Manuel Augusto Araújo

Jorge Vieira tinha a centelha de um génio humano

Hoje, dia 16 de Novembro, Jorge Vieira faria 101 anos. De raríssimos artistas se poderá afirmar sem contestações que mudaram numa determinada época as artes. Jorge Vieira é um desses artistas. A escultura em Portugal alterou-se com Jorge Vieira. Há um antes e um depois Jorge Vieira. Cada uma das suas obras ensina-nos a ver, ensina-nos a descobrir um mundo outro, ensina-nos que para lá do mundo de pouco real, que tantas vezes nos querem impor como único mundo possível, há outro mundo onde a imaginação, a inventiva o povoam de novos seres, de figuras, de coisas, acrescentando real ao real.

Extraordinário é que esse outro mundo, parte indissociável do seu mundo, se confunde com si-próprio, é uma sua extensão humana forte e imaginosa, habitada por um tranquilo e sábio desassossego. Corpo ancorado no chão em que as mãos laboriosas compreendiam e assimilavam o tumulto inteligente que o habitava.

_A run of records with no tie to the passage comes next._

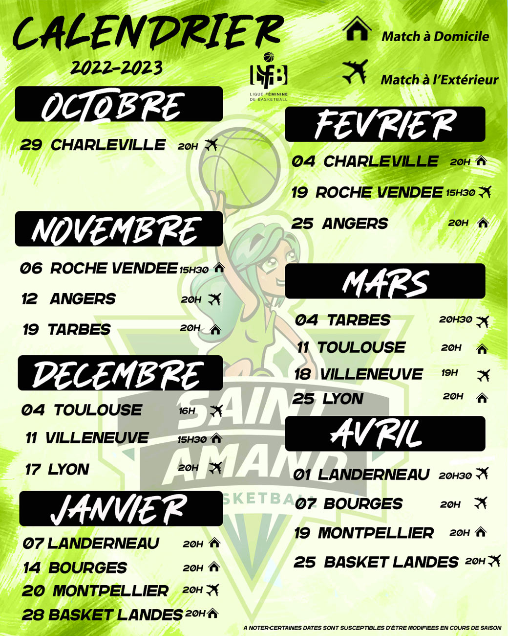 Que la saison à domicile débutera le 6 Novembre contre La Roche Vendée et que les Green Girls iront clôturer l’exercice 2022/2023 à Basket Landes avant d’entamer d’éventuels PlayOffs ou PlayDowns.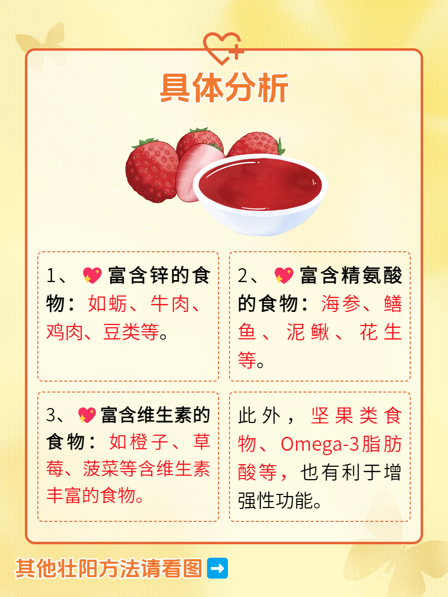 1、富含锌的食物:😃牡蛎、牛肉、鸡肉、豆类等食物富含锌元素。锌对于男性生殖系统的正常功能至关重要,它可以促进睾丸激素的分泌,提高精子质量和数量,从而有助于增强性功能。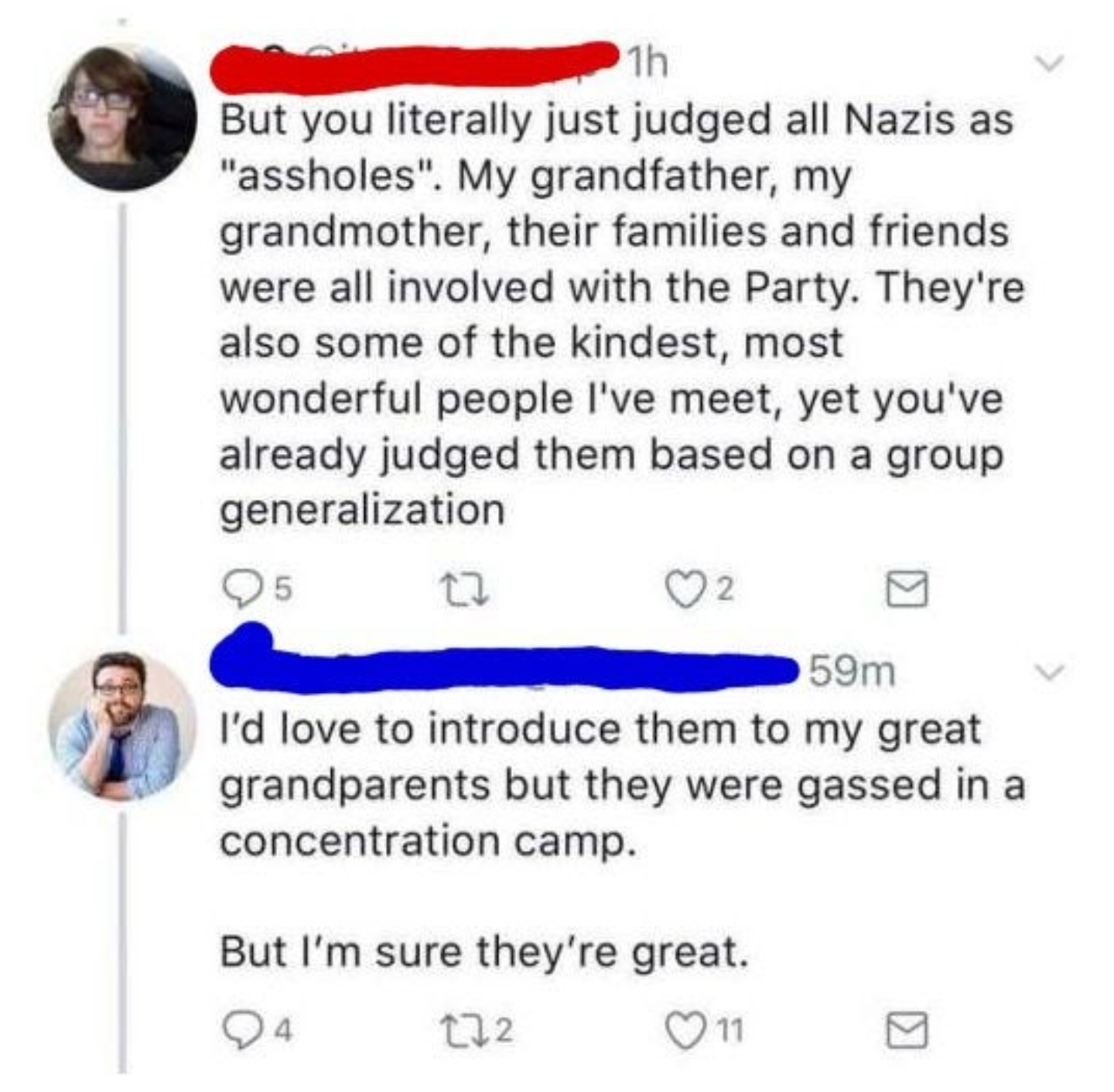 Но ты только что буквально назвал всех нацистов "жопошниками". Мой дедушка, моя бабушка, их семьи и друзья были так или иначе вовлечены в это. Но они, также, были одними из добрейших, великолепнейших людей что я когда-либо знала, а ты судишь их, ровняя под одну гребёнку просто из-за причастия к одной группе.

É um escultor sem mestre com mestres de quem nunca foi discípulo. Os que encontrou na Escola de Belas Artes de Lisboa. Com os que procurou fora da ESBAL, António Duarte, Francisco Franco e António Rocha, desenvolveu uma actividade que incidia na pesquisa tecnológica. Mais tarde, em Londres, com Henry Moore e Reg Butler, há um trabalho de conhecimento e aprendizagens que cruza com as colhidas nas viagens que tinha feito a França, Itália, Inglaterra.

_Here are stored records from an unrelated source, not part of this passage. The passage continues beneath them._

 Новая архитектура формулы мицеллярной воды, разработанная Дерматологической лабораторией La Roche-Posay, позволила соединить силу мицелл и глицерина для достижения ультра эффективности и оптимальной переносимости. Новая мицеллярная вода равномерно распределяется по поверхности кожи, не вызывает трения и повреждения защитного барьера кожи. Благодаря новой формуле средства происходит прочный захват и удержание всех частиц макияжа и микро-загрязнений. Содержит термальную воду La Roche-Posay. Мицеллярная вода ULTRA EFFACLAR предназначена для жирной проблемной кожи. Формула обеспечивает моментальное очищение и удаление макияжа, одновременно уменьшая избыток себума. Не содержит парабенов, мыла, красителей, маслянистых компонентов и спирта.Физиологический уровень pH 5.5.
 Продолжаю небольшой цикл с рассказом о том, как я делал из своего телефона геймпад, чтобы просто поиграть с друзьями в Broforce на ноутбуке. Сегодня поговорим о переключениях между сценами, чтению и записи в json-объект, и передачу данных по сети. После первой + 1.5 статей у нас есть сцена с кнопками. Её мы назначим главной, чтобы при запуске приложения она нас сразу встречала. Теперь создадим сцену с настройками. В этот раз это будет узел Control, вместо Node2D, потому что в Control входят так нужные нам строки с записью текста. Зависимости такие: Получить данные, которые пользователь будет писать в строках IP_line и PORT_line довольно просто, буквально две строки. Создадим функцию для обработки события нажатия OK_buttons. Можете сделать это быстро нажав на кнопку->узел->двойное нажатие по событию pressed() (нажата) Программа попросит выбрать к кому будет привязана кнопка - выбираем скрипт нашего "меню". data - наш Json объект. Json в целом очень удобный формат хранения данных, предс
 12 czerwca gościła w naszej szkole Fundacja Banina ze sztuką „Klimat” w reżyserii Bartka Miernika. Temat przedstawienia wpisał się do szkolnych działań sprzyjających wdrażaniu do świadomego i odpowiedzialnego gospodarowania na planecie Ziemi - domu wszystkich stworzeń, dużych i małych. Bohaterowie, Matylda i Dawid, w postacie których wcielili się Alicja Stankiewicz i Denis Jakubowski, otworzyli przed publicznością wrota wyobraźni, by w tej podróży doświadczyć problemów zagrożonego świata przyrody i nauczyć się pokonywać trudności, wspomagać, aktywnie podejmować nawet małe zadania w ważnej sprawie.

São trabalhos que apuram o seu imaginário muito pessoal em que se cruzam o abstraccionismo, o surrealismo e as esculturas dos primitivos da África negra, das Ciclades, dos Caldeus e Hititas, que explora com uma liberdade bem livre na criação de formas que o situam num modernismo de uma modernidade em sentido amplo, que recupera e dá sentido ao quotidiano com as suas esculturas, todas as suas esculturas, qualquer que seja a sua escala e os materiais, gerando sempre uma intimidade muito particular com os lugares onde habitam, sejam públicos ou privados, seja numa grande praça ou na intimidade de uma casa. É um imenso olimpo de figurações que celebram a vida no que ela tem de mais eterno com uma ritualidade pagã da alegria de viver exaltando o mundo na sua contínua transformação.

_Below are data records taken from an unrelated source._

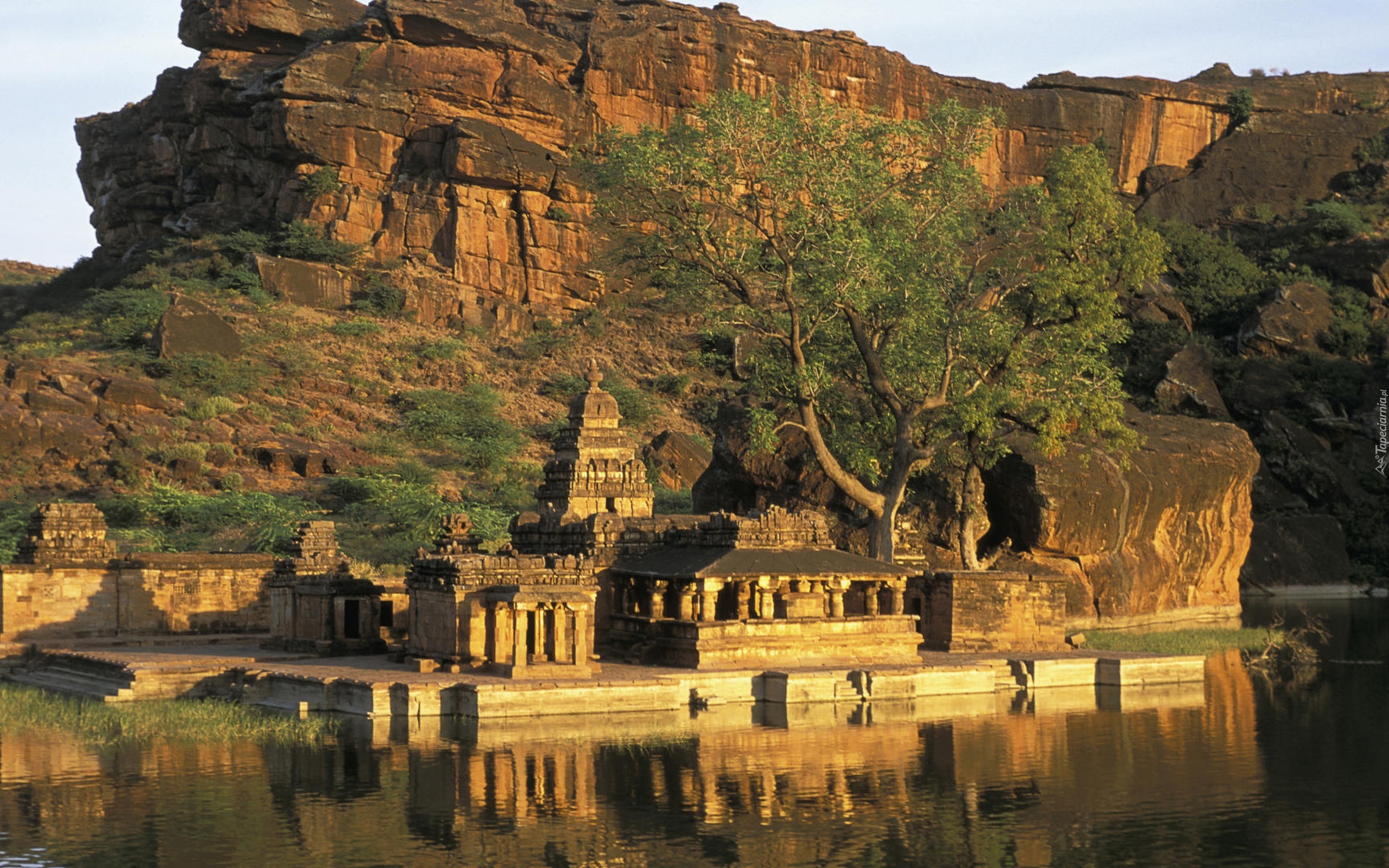 Edytor tapety: Świątynia, Karnataka, Indie, Skały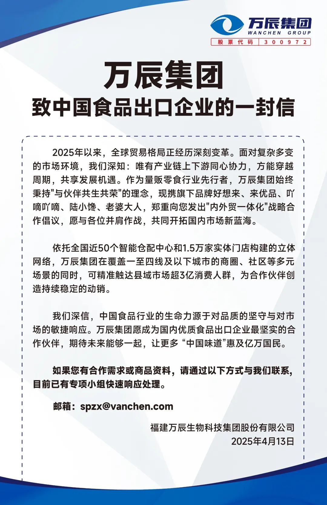 4月13日,万辰集团发布致中国食品出口企业的一封信。作为量贩零食行业的先行者,万辰集团始终秉持“与伙伴共生共荣”的理念。现携旗下品牌好想来、来优品、吖嘀吖嘀、陆小馋、老婆大人,郑重向您发出“内外贸一体化”战略合作倡议,愿与各位并肩作战,共同开拓国内市场新蓝海。依托全国近50个智能仓配中心和1.5万家实体门店构建的立体网络,万辰集团不仅覆盖了一至四线及以下城市的商圈、社区等多元场景,还能精准触达县域市场超3亿消费人群,为合作伙伴创造持续稳定的动销。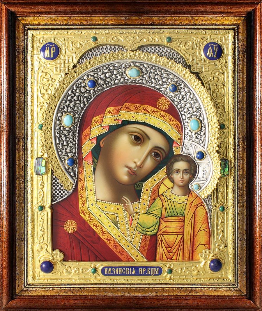 Икона Божией Матери "Казанская" в посеребренной ризе (окладе), Р-140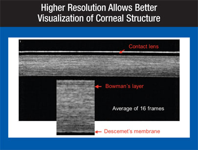 Figure 1. The RTVue-100 scan can differentiate a contact lens, Bowman's layer and Descemet's membrane.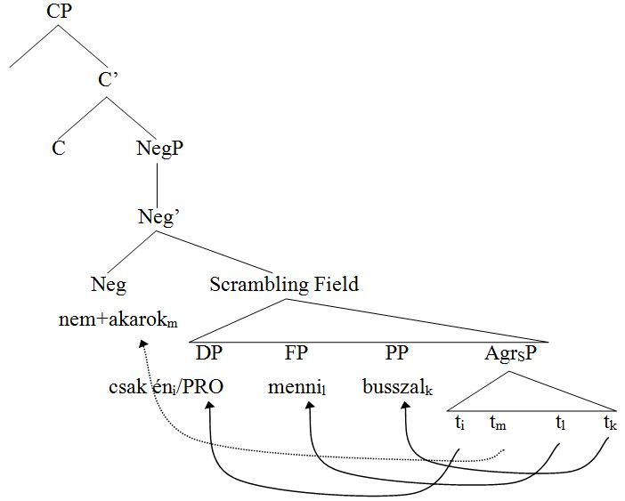The way it relates to the derivation of constructions involving infinitival clauses with nominative subjects is the following: the subject of the infinitive is a PRO, as expected, but at the same time an only-DP, which moves to the [Spec, FP] position of the infinitival CP. This is what makes such constructions problematic: there are different ways to express Focus in Hungarian (movement to a designated Focus position or stress assignment), but neither of them is applicable to an unpronounced constituent.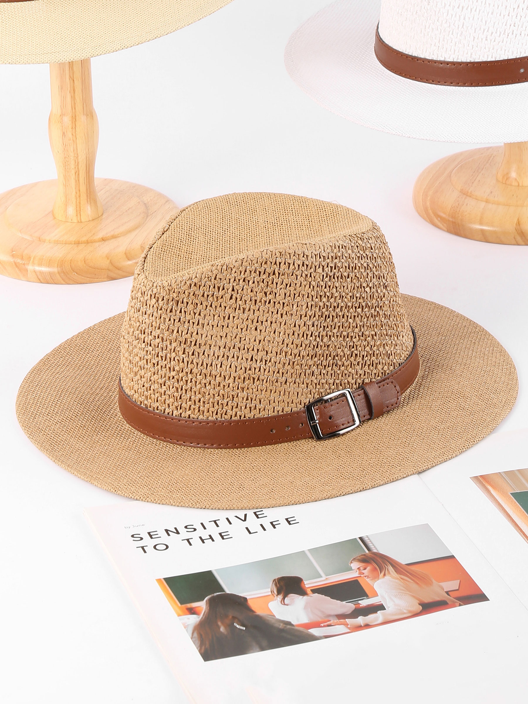 Chapéu fedora de ráfia com fivela
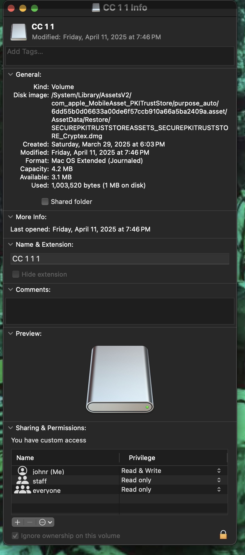 diskutil apfs list shows:| Name: Creedence11M6270.SECUREPKITRUSTSTOREASSETS_SECUREPKITRUSTSTORE_Cryptex (Case-sensitive)

A esfuziante criatividade de Jorge Vieira constrói um percurso autónomo que se afirma enquanto instância particular socialmente partilhada onde se entrelaçam real e memória, ficção e telúrico, um percurso que tempestuou o quotidiano porque foi sempre inovador, foi sempre ímpar, porque esteve sempre com o seu tempo a questionar o seu tempo.

Às suas qualidades de artista adicionava o ser um homem de intransigente verticalidade para quem a mediocridade era insuportável, que se distanciava dos fazedores de modas, da crítica de arte promotora de promoções, dos mentores de consciências. Um homem desta estirpe só podia ser um homem política e socialmente empenhado, um artista atento sempre inovador.

Jorge Vieira tinha a centelha de um génio humano demasiado humano onde cintilava a vibração metálica do sol. Tinha uma força bem terrena e uma ironia feroz que estilhavaça o senso comum, um olhar olímpico que radiofotografava o universo com uma energia sensual, tanto nas representações figurativas, com destaque para a mulher, como nas zoológicas com destaque para o touro, que adquirem novas anatomias, equilíbrios antes impossíveis, dinâmicas extraordinárias, como nas abstractas que aparentam esquematismos simbólicos, das pequenas peças às de grande dimensão como o Homem Sol no Parque das Nações, são todas e para sempre marcadas pelas metamorfoses oníricas, mágicas que são a singularidade da sua obra de uma alegria exultante.